CPU times: user 9.26 s, sys: 0 ns, total: 9.26 s
Wall time: 9.27 s


True     295224
False     85921
dtype: int64

## Testing for redirects

In [14]:
%%time

# Testing if MBIDs that DONT exist in MB recording table have any redirects
in_for_redir = in_for_rec[-out_for_rec]

out_for_redir = query_in(in_for_redir, MB_redirects.old)

r_mbid_in_redir = out_for_redir.value_counts()
r_mbid_in_redir

CPU times: user 804 ms, sys: 0 ns, total: 804 ms
Wall time: 800 ms


True     84773
False     1148
dtype: int64

In [15]:
%%time

# Testing if MBIDs that exist in MB recording table have any redirects
in_for_redir = in_for_rec[out_for_rec]

out_for_redir = query_in(in_for_redir, MB_redirects.old)

r_mbid_in_redir = out_for_redir.value_counts()
r_mbid_in_redir

CPU times: user 705 ms, sys: 0 ns, total: 705 ms
Wall time: 702 ms


False    295224
dtype: int64

In [16]:
# # Fetching redirected MBIDs.

# # in_for_redir = pd.Series(df['recording-MBID'].unique())
# in_for_redir = in_for_rec[out_for_rec]
# out_for_redir = MB_redirects.old.isin(in_for_redir)

# out_for_redir.value_counts()

## Checking if artist-MBIDs belong to artist ID.

In [17]:
# Checking if artist-MBIDs belong to artist ID.

input_artists = pd.Series(df['artist-MBID'].unique())

output = query_in(input_artists, MB_artist.gid)
output.value_counts()

True     30839
False     2597
dtype: int64

# Analysis Report

- **Total Input**:
    - Total Sample Size: 3,661,057 rows
    - Unique Rows: 381145
    - Number of NOT-null rows in artist-MBID = 98.87100911021052
    - Number of NOT-null rows in recording-MBID = 100.0
    - Number of NOT-null rows in release-MBID = 75.44897552810568


- **Number of rec-MBIDs in track-MBID**:
    - Total Input: 381145
    - False: 100%
    (no rec-MBID was found in the track-MBID)

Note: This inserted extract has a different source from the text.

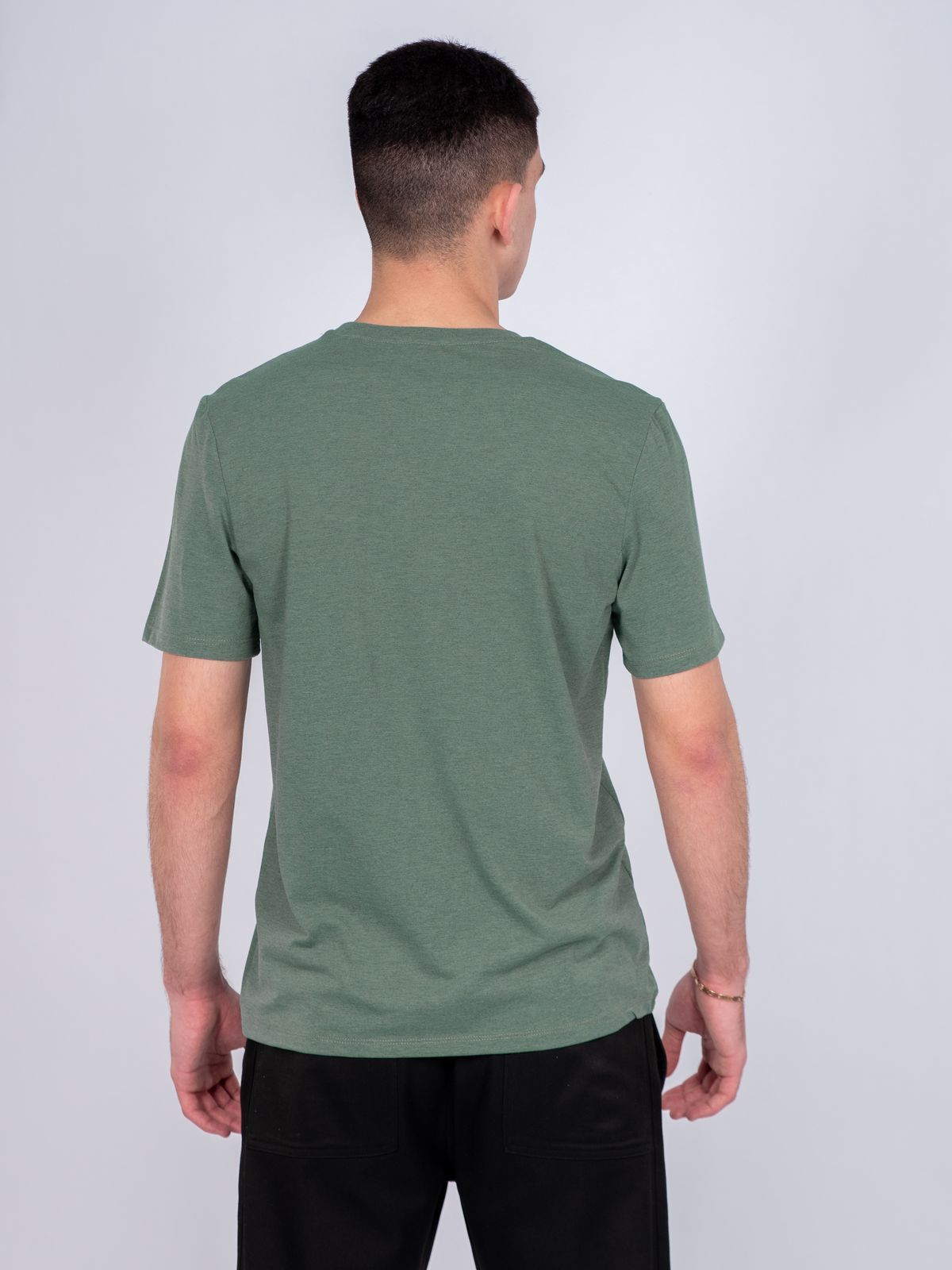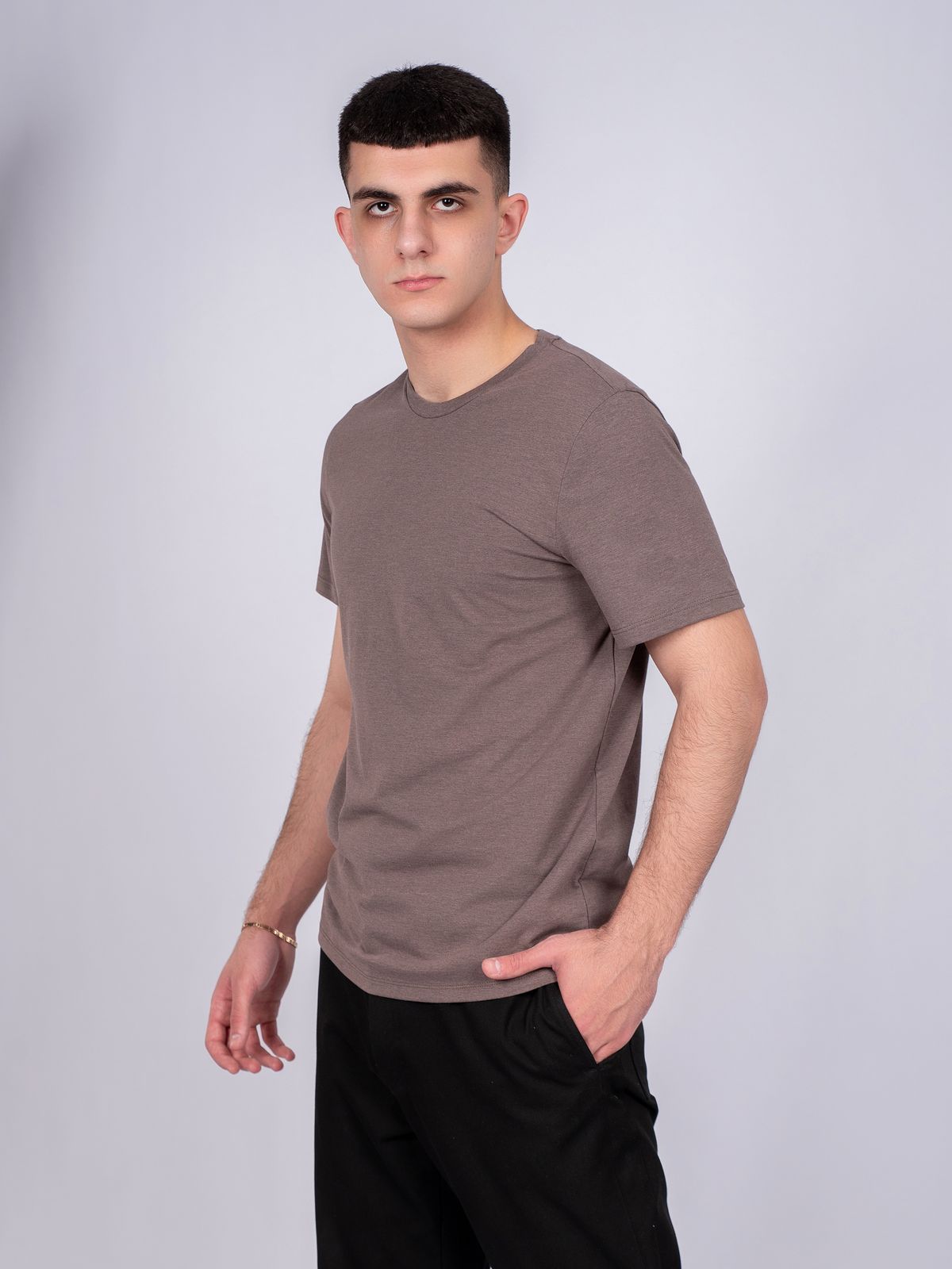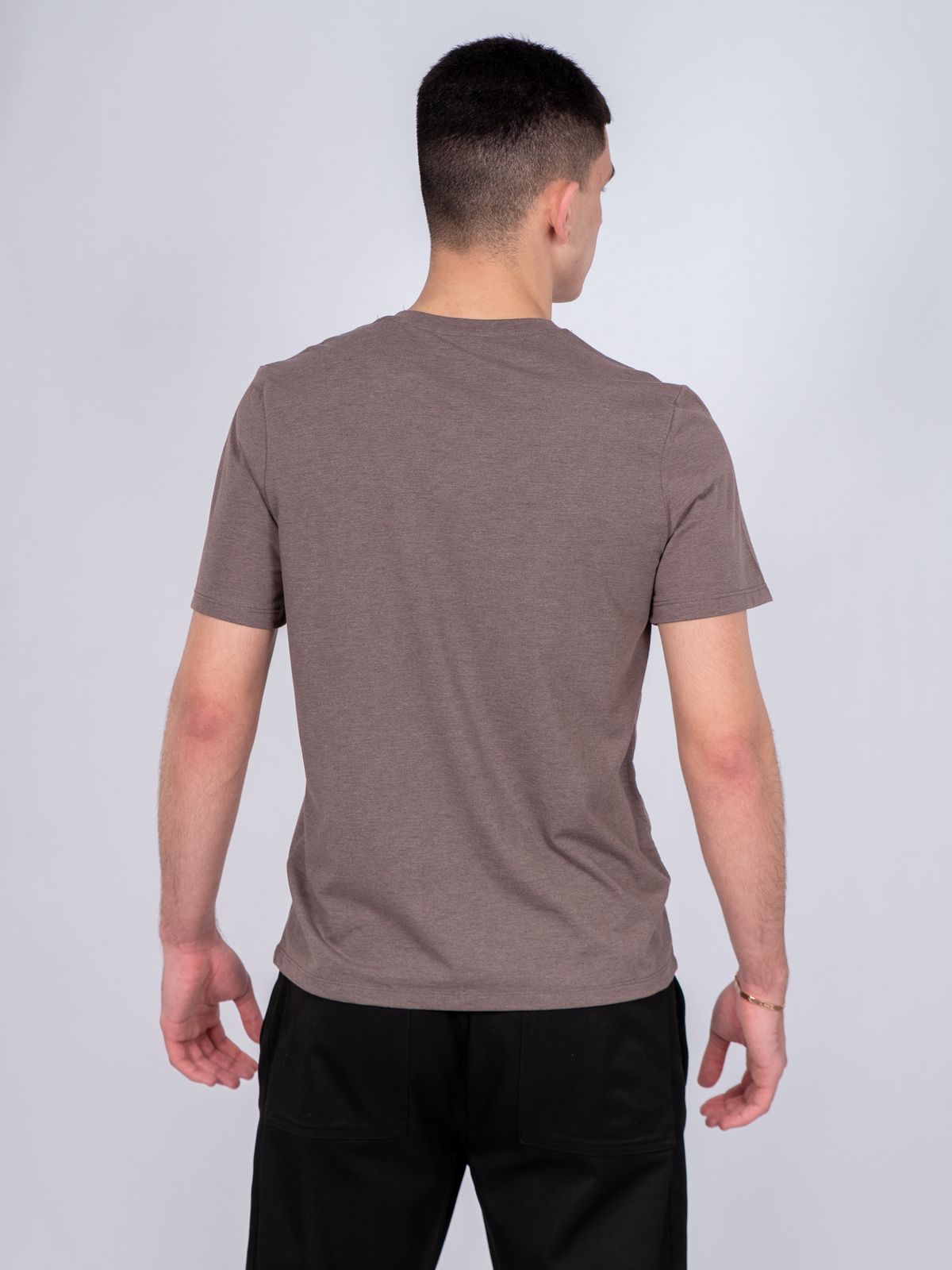 Футболка мужская из кулирки. Горловина обработана рибаной. Росток спинки обработан бейкой из кулирки. Рукав втачной, короткий. Модель рассчитана на рост 176-182.

- **Number of rec-MBIDs in recording-MBID**:
    - Total Input: 381145
    - (True, False) = (295224, 85921)
    - i.e. 77.457% rec-MBIDs belong to the recording-MBID table.


- **Number of UNKNOWN rec-MBIDs in redirected-MBID**:
    - Note: "UNKNOWN rec-MBIDs" = rec-MBIDs from the MLHD that were NOT found in the MB recording table.
    - Total Input: 85921 rows
    - (True, False): (84773, 1148)
    - i.e. 98.66% of UNKNOWN rec-MBIDs have corresponding redirects.


- **Number of KNOWN rec-MBIDs in redirected-MBID**:
    - Note: "KNOWN rec-MBIDs" = rec-MBIDs from the MLHD that were found in the MB recording table.
    - Total Input = 295224 rows
    - False = 295224 rows
    - i.e. 100% KNOWN rec-MBIDs don't have any redirects.


- **Number of rec-MBIDs in canonical-MBID table**:
    - _pending_


- **Number of artist-MBIDs in MB artist table**:
    - Total Input: 33436
    - True, False = (30839, 2597)
    - i.e. 92.23% artist-MBIDs exist in the MB artist table.